Written by Jarrod Miller
We all hear the importance of mental toughness, but what does being mentally tough actually mean?
How does one obtain mental toughness? Is it a natural ability or can it be developed?
When Greg asked me to write this article all I could think of was relating mental toughness to my sport, baseball. This is one sport where being mentally tough is equally important as physical abilities.
If you are not mentally tough then failure is imminent. Luckily for me, I have the support of teammates, coaches and if I’m lucky one day, fans.
Mental toughness in the gym is different, it is all on you. Nobody else is holding you accountable.
In early September 2014 I attended a conference on mental toughness. Spencer Wood, founder of Ice Box Athlete made an everlasting impression. Spencer stressed the 4C’s: composure, concentration, confidence, and commitment. I will explain how these principles apply to lifting.
It’s natural to be afraid of big weights. If pulling 600 lbs. off the ground isn’t a little scary your sanity is in question. But you can’t be scared your whole life. Minimize fear by having rituals when approaching big lifts. Don’t do anything on a 1RM attempt you wouldn’t warming-up at 50 percent.
With every sumo deadlift attempt I have a few things on my mind.
- Be aggressive
- Pull slack out of the bar
- Push feet through the ground
Whether it's 135 or 495 - consistency with cues will keep composure when the weights get heavy.

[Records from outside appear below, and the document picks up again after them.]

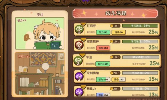 3.密切留意女儿的学习进度。每次学习若能发挥到极致,可增加25点进度。因此,确保女儿进行四次这样的高效学习,即可轻松达到100%。
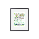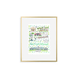 Elevate your wall decor with Evelyn Henson's whimsical watercolor map series, a vibrant collection boasting 250+ places and counting. Each print is a celebration of cherished locations, adorned with unique icons and landmarks that capture the essence of the place. Professionally printed in the USA, these prints mirror the original watercolor's charm, adding a burst of color and joy to your space. Choose a single print to commemorate a beloved locale and relive cherished memories, or create a gallery by displaying multiple prints to weave a visual narrative of your journeys. Transform your walls into a personalized showcase of meaningful places with these professionally crafted watercolor city map prints.
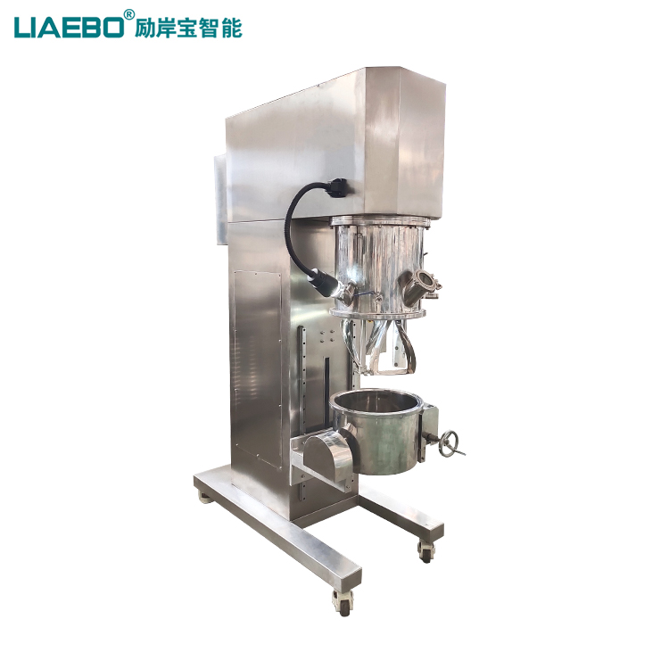 雙行星真空攪拌機是一種高性能、高效率、易清洗維護(hù)的新型攪拌設(shè)備。主要由減速電機、行星架、攪拌器、分散器、刮壁器、料桶、升降系統(tǒng)、液壓擠出系統(tǒng)以及機架等構(gòu)成,設(shè)備的雙組攪拌器運行時自轉(zhuǎn)同時繞著軸心進(jìn)行公轉(zhuǎn),攪拌器形式根據(jù)物料粘度和工藝特性選配,常見的包括漿葉式、麻花式、爪式、框式等,具備良好的混合、反應(yīng)、捏合、溶解的作用;高速分散器由多層具備極高線速度的鋸齒狀分散盤組成,它同樣在高速自轉(zhuǎn)的同時繞著軸心進(jìn)行公轉(zhuǎn),能夠?qū)⒎哿?助劑)快速的分散到漿料里,具備很強的分散作用。設(shè)備配有一組獨立刮刀,對桶壁進(jìn)行不斷的刮拭,同時攪拌漿葉可以增加刮片,對料桶底部進(jìn)行刮拭,避免攪拌死角,確保產(chǎn)品的穩(wěn)定性;雙行星真空攪拌機傳動采用行星齒輪傳動,有較大的輸出扭矩,適用干高溫、高固,高粘度等高難度工況;該設(shè)備采用密閉式設(shè)計,可以配合真空系統(tǒng),實現(xiàn)真空攪拌,攪拌桶也可設(shè)計帶夾套加熱,配合模溫機,實現(xiàn)恒溫攪拌功能,是市場上針對高粘度物料的分散、攪拌設(shè)備。
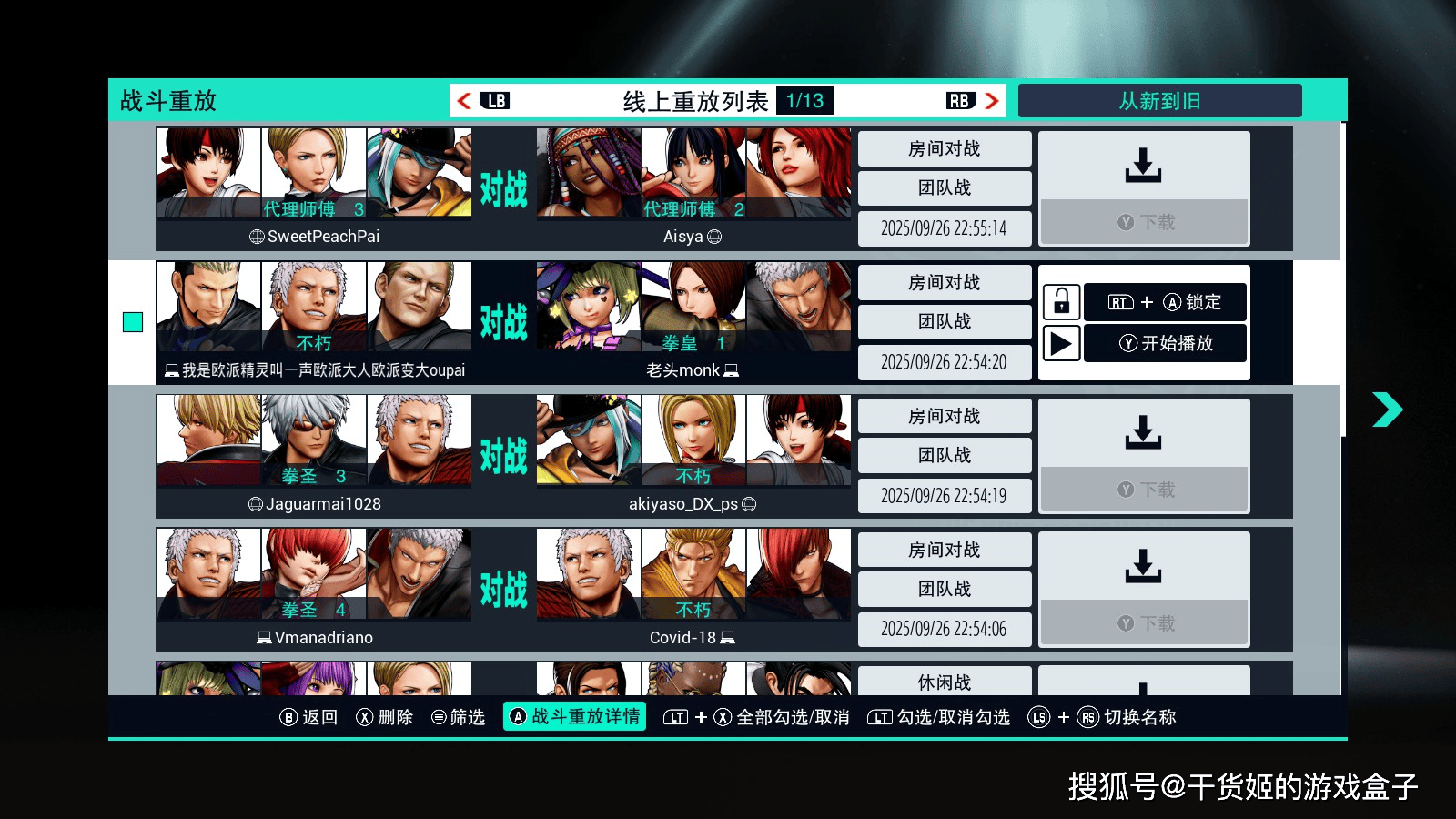 接下来聊一聊游戏的线上模式。作为格斗游戏,线上模式与异地的玩家进行比拼才是这类游戏的核心。在线上模式中,游戏提供了排位赛模式,休闲赛模式。顾名思义,在排位赛模式中,所有的比赛结果都会影响到玩家的段位,如果玩家对于排位赛的紧张激烈程度不是很适应的话,可以先在休闲赛模式中进行练习和对决。此外,玩家还可以与异地的好友进行约战,通过房间对战模式则可以实现这个需求。有趣的是,本作还提供了一个线上练习模式,也是可以方便异地的玩家之间进行训练的一个模式。此外,还有一些辅助的功能,可以帮助玩家更好的进行技能的提升,并且了解一些信息。比如战斗的回放功能,玩家可以通过下载线上的一些比赛来进行回看,了解到其他玩家是如何进行游戏的。
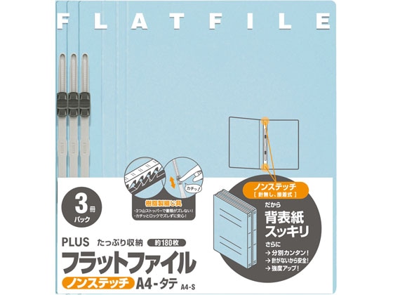 プラス フラットファイル ノンステッチ A4タテ ロイヤルブルー 3冊 NO.023NP 1パック(ご注文単位1パック)【直送品】
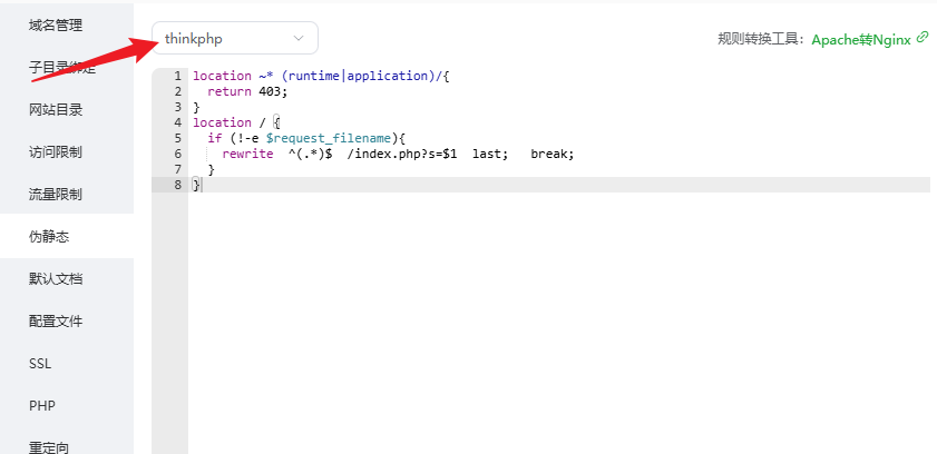 在伪静态的下拉框列表中选择 thinkphp 的版本,或者手工输入以下配置进行保存
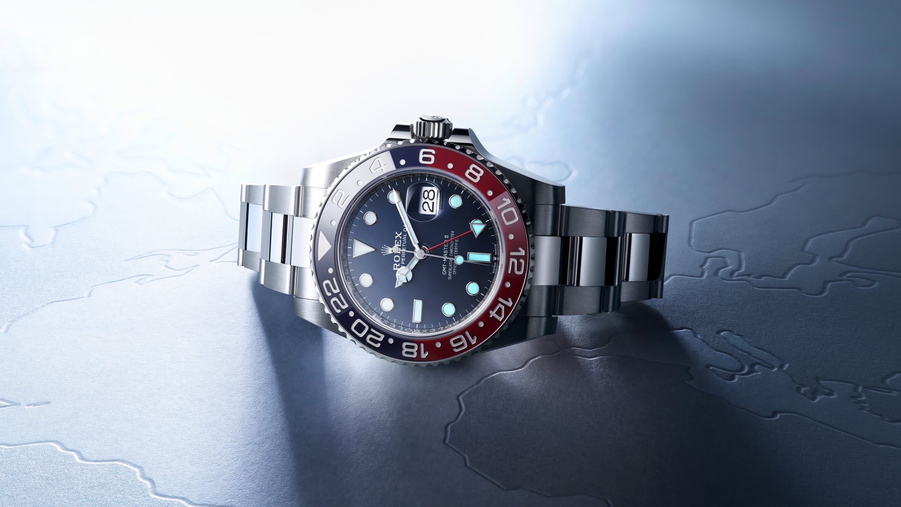 This model features a midnight blue dial and a two-colour Cerachrom bezel insert in red and blue ceramic. In addition to conventional hour, minute and seconds hands, the GMT-Master II features an arrow-tipped hand, which circles the dial once every 24 hours, as well as a bidirectional rotatable 24-hour graduated bezel. The distinctively coloured 24-hour hand displays the “home” reference time in a first time zone which can be read on the graduations on the bezel. The traveller’s local time is easily set by “jumping” from hour to hour, thanks to an ingenious mechanism operated via the winding crown: the hour hand can be adjusted forwards or backwards independently of the minute and seconds hands. This allows travellers to adapt to their new time zone without affecting the precision of their timekeeping.
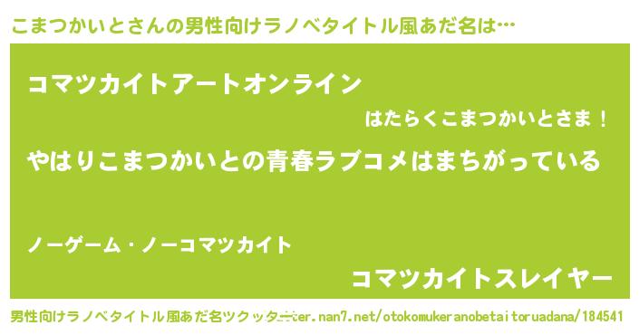 | 女子向けラノベタイトル風あだ名 | 『こまつかいとの雑貨屋さん』 |
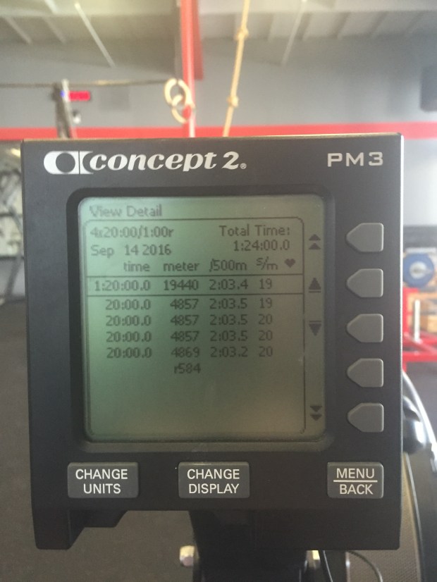 At Crossfit Anaerobic again this morning. I got there a bit later and there were very few people there. I dragged an erg over in front of a truly enormous boxed fan. Really it had to be at least 6 feet in diameter and it was right in front of an open exterior door. I had the most wonderful breeze for the whole workout.
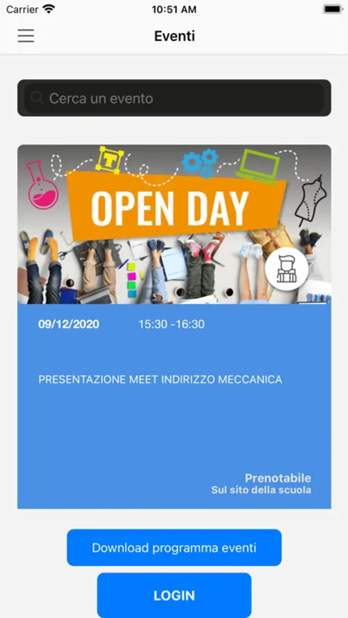 Attraverso la sezione “Eventi”, vengono presentate tutte le iniziative “orientanti” proposte dagli Istituti, elencate in ordine cronologico; sarà possibile trovare le date degli Open Day, l’orario delle attività di laboratorio e di ogni altro evento finalizzato all’orientamento dello studente.
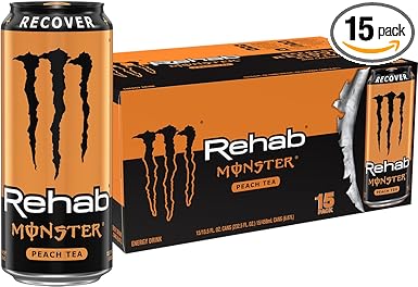 Monster Energy Rehab Peach Tea + Energy, Energy Iced Tea, Energy Drink, 15.5 Ounce (Pack of 15)
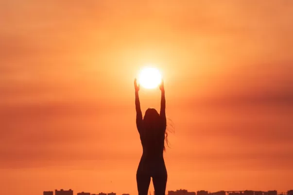 woman standing on beach with arms in the air
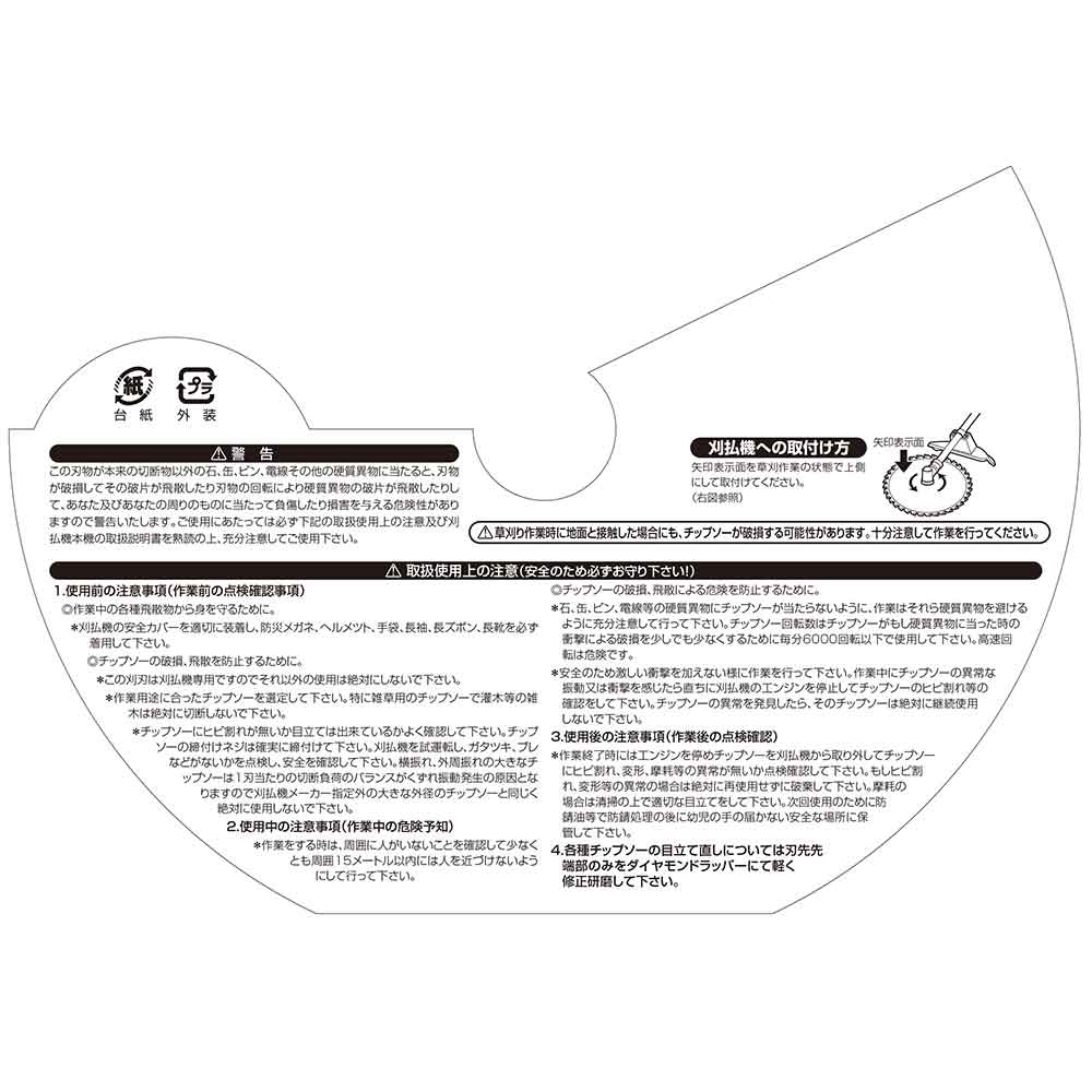 刈払機の安全カバーを適切に装着し、防災メガネ、ヘルメット、手袋、長袖、長ズボン、長靴を必ず着用して下さい。この刈刃は刈払機専用ですのでそれ以外の使用は絶対にしないで下さい。 作業用途に合ったチップソーを選定して下さい。特に雑草用のチップソーで灌木等の雑木は絶対に切断しないで下さい。チップソーにヒビ割れが無いか目立ては出来ているかよく確認して下さい。チップソーの締付けネジは確実に締付けて下さい。 刈払機を試運転し、ガタツキ、ブレなどがないかを点検し、安全を確認して下さい。横振れ、外周振れの大きなチップソーは1刃当たりの切断負荷のバランスがくずれ振動発生の原因となりますので刈払機メーカー指定外の大きな外径のチップソーと同じく絶対に使用しないで下さい。作業をする時は、周囲に人がいないことを確認して少なくとも周囲15メートル以内には人を近づけないようにして行ってください。

Above are only examples of my personal cues. Different cues work for different people. Some prefer internal cues while others will respond better to external cues.
Take the deadlift for example, a coach may find that their athlete is starting the lift with a collapsed chest causing their back to round excessively. An internal cue would be "chest up", this has the athlete focus inward, attention towards their own body. Conversely, an external cue would be "show me the logo on your shirt" this now turns their attention externally to the coach. Both are attempting to solve the same problem, but the frame can make all the difference.
Bret Contreras and Chris Beardsley recently reviewed the relevant research and found that external cueing is normally better at improving performance with full-body movements, such as deadlifting. But don't take this as a rule, some will respond better to internal cues. Try them both - see what sticks.
Bryce Lewis of The Strength Athlete addressing deadlift cues.
When going for a new PR it’s easy to concentrate. You’re dialed in. But going for a PR is simply a test of strength, not building it. We build strength through sub-maximal work. Not only do we build strength, but we build habits, both good and bad.
Emphasize cues such as bracing on squats and finishing deadlifts with the glutes on every single rep. Every. Single Rep.
This way that pattern is ingrained come test time. Expecting to hit a PR without proper practice is the equivalent of acing an exam with little study time. Sure, you may get lucky once, but this is an enigma. In order to constantly succeed you must practice.
We’re always told confidence is important. Whether it’s doing well with girls, school or sports. But when does confidence bite us in the ass and become arrogance?
Is confidence overrated?
As a lifter, confidence is not about making a scene in the gym or bragging to your friends about your quarter squat. It’s internal. Truly confident people don’t feel the need to externally voice their abilities.
We can all learn this lesson from Batman.
Bruce Wayne was honored with the abilities of Batman, yet never wanted to be known. He could have been treated like a king. In 2015, this is the equivalent of being Instagram famous. Yet Bruce was confident. He knew his hard work and ability was all he needed to excel. He was intrinsically pushed, dismissing the notoriety from others.
As a lifter you can be Bruce Wayne - true confidence is quiet.
None of the above matters if you can’t commit. Every goal must begin with a vow of commitment. It is our mind that decides what our bodies are capable of. This goes for beginners learning to squat, to advanced athletes aiming to break records. Without this commitment we will run at the sight of pain. Our doubts will creep in. Soreness will defeat us. Whatever the goal, first set your mind for success.
With composure, concentration, confidence and commitment - you can't be defeated.